I can hear you, saying that this might be all still good, though, because after all when you are out shopping for a new piece of equipment is better to spend the money on something of proved quality. And if you shoot Formula 1 or Nascar for a living please just write a check for the newest and fastest camera you can find, another fat one for a 600mm f/0,75 the day it should come out, and yet another one for the mule and the cart (or a segway!) to carry it!

But a biggest problem, in my opinion the capital sin of modern photographic industry, rises its ugly head now: why nowadays the selling argument, and even worse, the principal goal in the design process itself for pretty much every camera and especially lens is about sharpness, and sharpness alone, or autofocus speed? Who decided that sharpness had to be the only point of reference in the project of a lens?

Enter the engineers. In this phase I have the strong suspicion that lenses and cameras are designed by engineers alone, without the participation of actual artists and photographers if not as an afterthought – like “tell us what we did wrong and we will try to correct it in a firmware update”. The children have been left alone to play as they like, and things are going awry.

Pigeon in a snowstorm
This, I believe, is why we have often poorly thought cameras, ergonomically speaking. Why I should push multiple times a button, or spin a wheel, to give but an example, only to zoom at 100% in my freshly taken picture? Why would I want to look at it more often at, say, a 25% zoom level, than at maximum magnification to check the focus? Why the shutter release button in many cameras is placed in a position more fitted for the long fingers of E.T. that the ones of an actual human being (and no, I don’t have small hands)? Remember: bad ergonomics is the one thing that, with the exception of relocating a few buttons, software cannot fix.

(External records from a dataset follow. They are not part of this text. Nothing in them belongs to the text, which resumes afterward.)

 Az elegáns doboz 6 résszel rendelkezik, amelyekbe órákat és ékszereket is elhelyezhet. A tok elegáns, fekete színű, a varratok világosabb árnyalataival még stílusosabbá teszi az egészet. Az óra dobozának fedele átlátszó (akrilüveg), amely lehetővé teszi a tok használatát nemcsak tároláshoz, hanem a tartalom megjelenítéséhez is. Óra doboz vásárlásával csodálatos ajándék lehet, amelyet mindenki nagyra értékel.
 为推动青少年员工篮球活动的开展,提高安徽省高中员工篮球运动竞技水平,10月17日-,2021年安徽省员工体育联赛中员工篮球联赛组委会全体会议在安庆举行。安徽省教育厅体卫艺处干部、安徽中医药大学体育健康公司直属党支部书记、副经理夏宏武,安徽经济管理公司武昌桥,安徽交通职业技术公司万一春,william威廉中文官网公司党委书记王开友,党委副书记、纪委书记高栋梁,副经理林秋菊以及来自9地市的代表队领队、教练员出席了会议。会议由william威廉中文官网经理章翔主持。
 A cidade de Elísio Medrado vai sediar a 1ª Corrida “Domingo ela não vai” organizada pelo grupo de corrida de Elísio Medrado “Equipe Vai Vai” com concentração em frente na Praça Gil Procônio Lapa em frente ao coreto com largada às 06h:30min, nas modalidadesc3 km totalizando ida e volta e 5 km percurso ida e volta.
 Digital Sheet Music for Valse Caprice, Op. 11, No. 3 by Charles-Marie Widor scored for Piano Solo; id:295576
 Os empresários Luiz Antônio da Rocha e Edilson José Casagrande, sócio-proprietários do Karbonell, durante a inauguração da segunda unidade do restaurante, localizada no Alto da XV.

And the engineers’ mindset is also the reason because many of us still crave after vintage quality lenses, designed with in mind not only the sharpness at the various apertures, but also the pleasantness of the bokeh, the palette of the tonalities and things like that.

Until not so many years ago sometimes the designers might decide intentionally to reduce the sharpness of a lens at the extreme borders (to say it more correctly: they actually boosted the central sharpness at the detriment of the borders), to aid concentrating the attention of the viewer on the central regions of the picture, where the subject would most probably be located.

From the car in a rainstorm
And don’t think lesser brands did this: for one, mighty Leica used to differentiate exactly in this way between the two ranges it produced at the time, R and M. The M lenses were intended for journalistic use, so they had the kind of sharpness distribution I just mentioned, with a bias in favor of the central part, while the R series used to have a more uniform performance across the field. Don’t believe me? Check the MTF tests for R and M lenses of the same age of similar focal length and look were the spikes in sharpness occur.

Same thing used to happen for the bokeh: the choice of the optical scheme was dictated also from the kind of out of focus it would have generated; and special circular apertures were employed to smoothen the edges of the out of focus points. Even the kind of glass used was sometimes selected with an eye to its characteristic in terms of color palette and so on. Remember: this was before you could change the color balance of an image with the slide of a finger.

As I have often mentioned in my posts, a lens is for a photographer nothing more than a brush for a painter: and every painter needs different kind of brushes to fit his/her particular style. If all the lenses should start to render in the same way we will have perfect fragments of reality caught on the sensor, but our power of choosing our preferred interpretation will be severely limited.